A couple years ago, I had a similar problem to what you describe. I had
to read in and process about 270 variables read from 4 different data
sources with two types of time coordinates, and I had to do this for
about 600 discrete and separate cases (tropical cyclones). I ended up
using the attribute array approach to store the various time-dependent
information as attribute arrays attached to 'container' logical
variables for each data source type. This allowed me to decompose and
compartmentalize my code without having to pass hundreds of variables as
variable arguments back and forth. Then at the higher level of code, I
was able to incrementally process one storm at a time and create
separate netcdf files. Finally, I created code (actually, some of it has
to be dynamically generated because NCL lacks an "eval" statement) to
aggregate all the individual netcdf files into one final data set file.
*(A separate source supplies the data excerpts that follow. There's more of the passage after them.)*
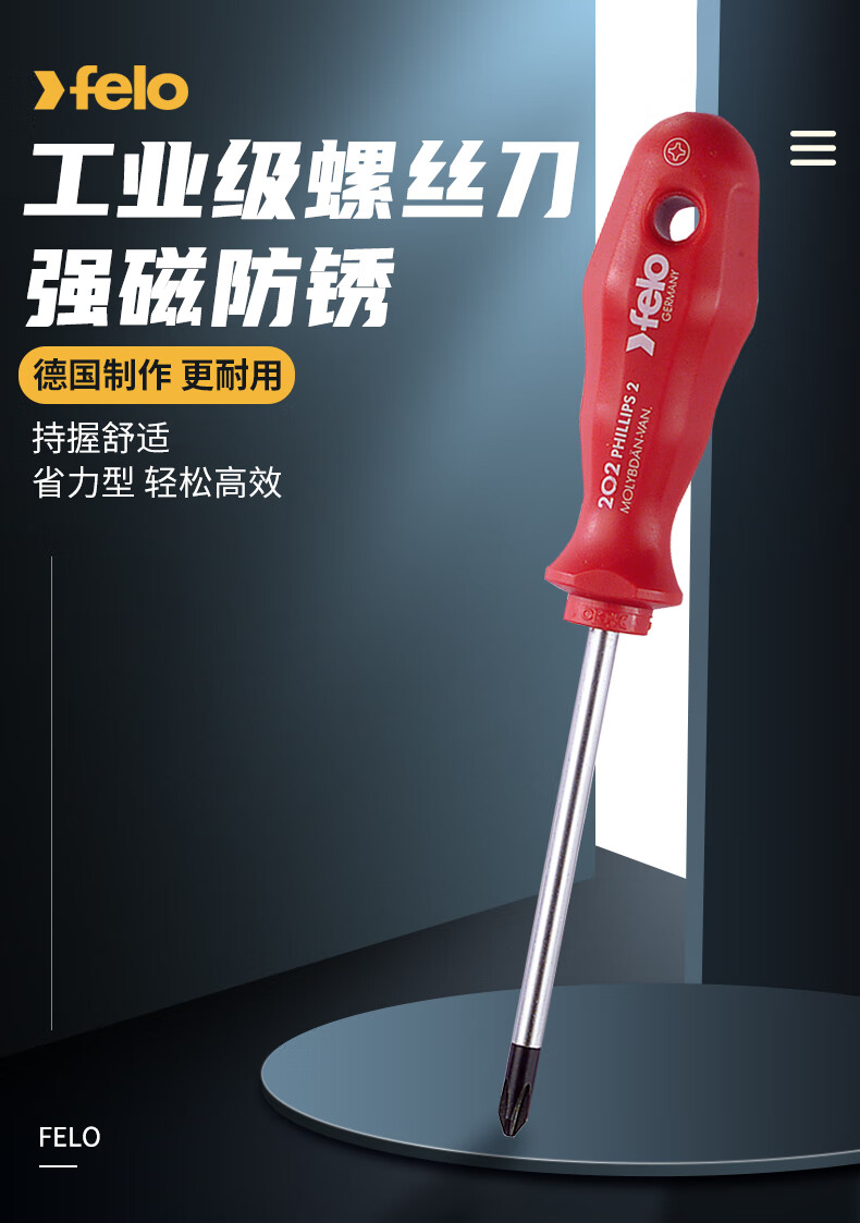 商品名称:FELO 德国原装进口螺丝刀PP减震手柄 十字螺丝起子铬钒钢起子螺丝批维修工具20210290(4.5*80mm)
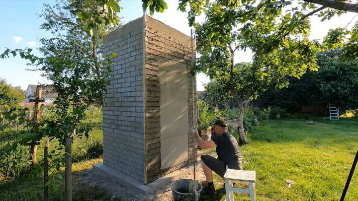 И постройте теперь стены ввысь по тому же принципу, что и резервуар, и основание душа: листы пеноплекс + сетка + клей.
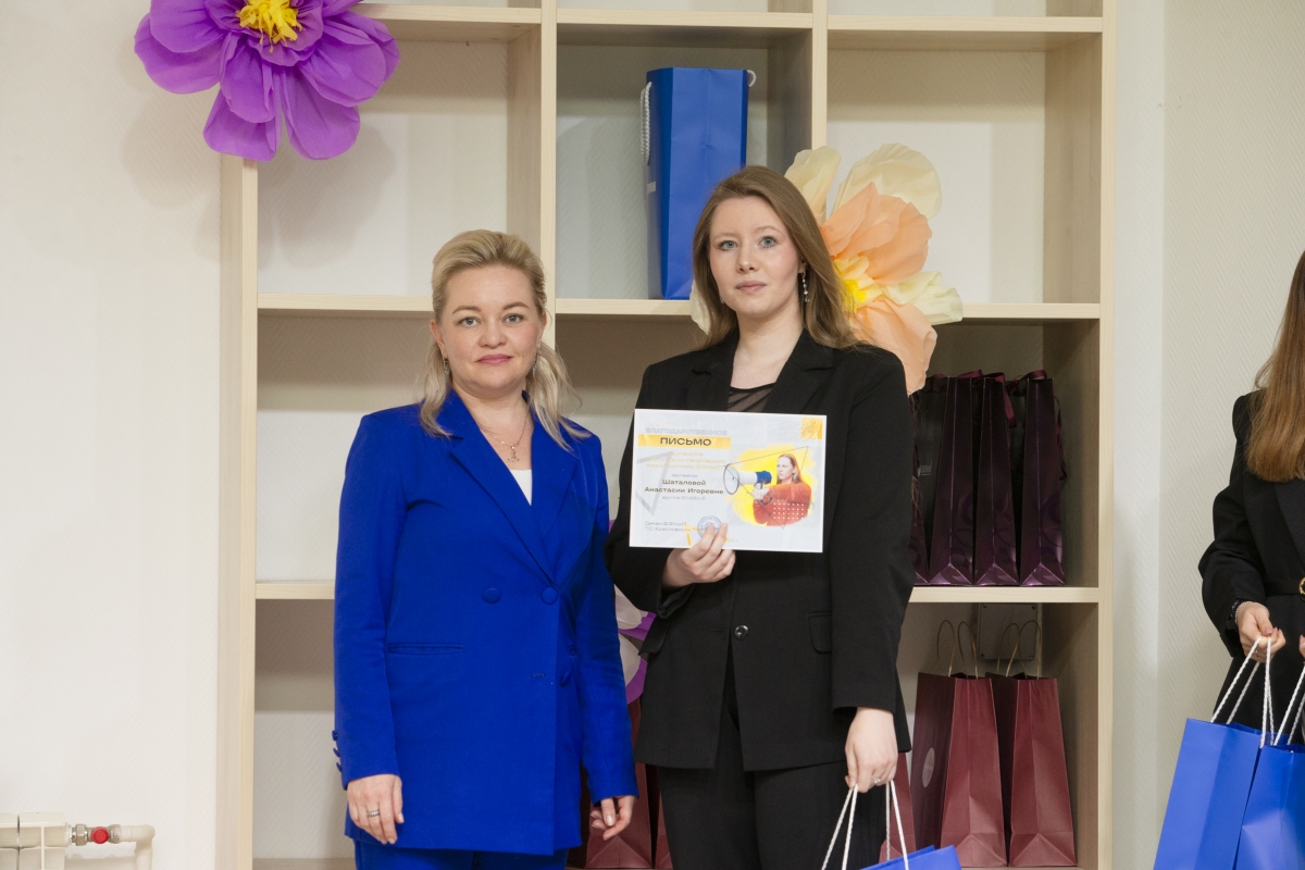 Группу 4 курса М-21о-Б направления подготовки «Менеджмент» отметили как самую активную на факультете, а их куратора, Тамару Саматову наградили благодарственным письмом за сплочение коллектива.
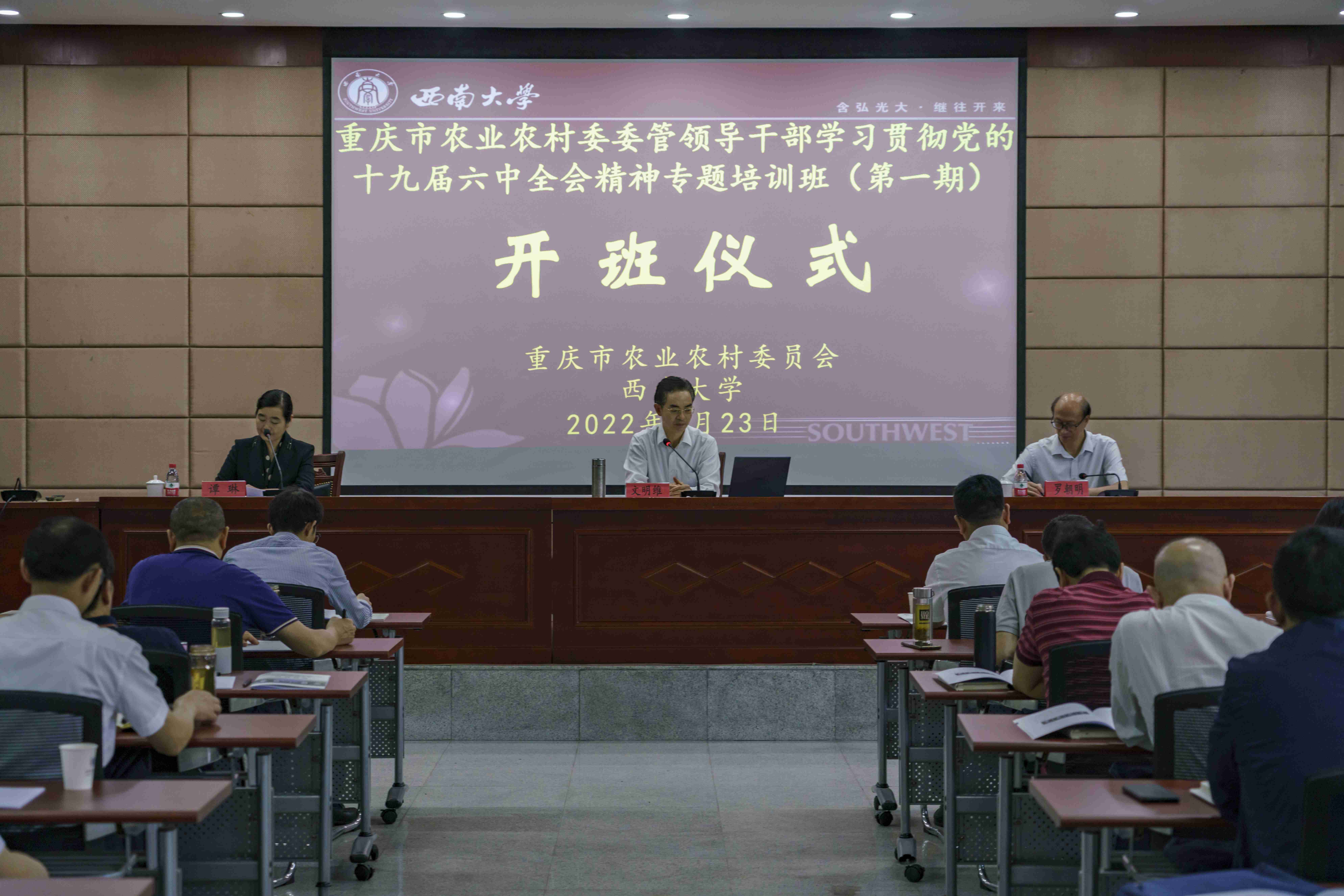 开班式由学校继续教育学院院长罗朝明主持,继续教育学院党总支书记谭琳对培训班的顺利开班表示祝贺,对市农业农村委给予西南大学干部培训的信任表示感谢,并勉励学员以积极的学习态度,带着问题学、联系实际学、结合工作学,学有所获、学以致用。

My application was very specialized, but in the process of doing this, I
did manage to come up with some tools and approaches that handle the
syntatical challengs of writing the contents of these 'containers' out
to netcdf files, where the attribute arrays are written as separate
variables. This was a challenge given that there were hundreds of them,
but I think I came up with some clever approaches. Of course, this
doesn't solve the metadata problem - that would have to be added later.
Dealing with _FillValue's is also important to handle carefully when
using attribute arrays. So this might be more hassle than it's worth for
your application, but I could share some code or ideas if you're interested.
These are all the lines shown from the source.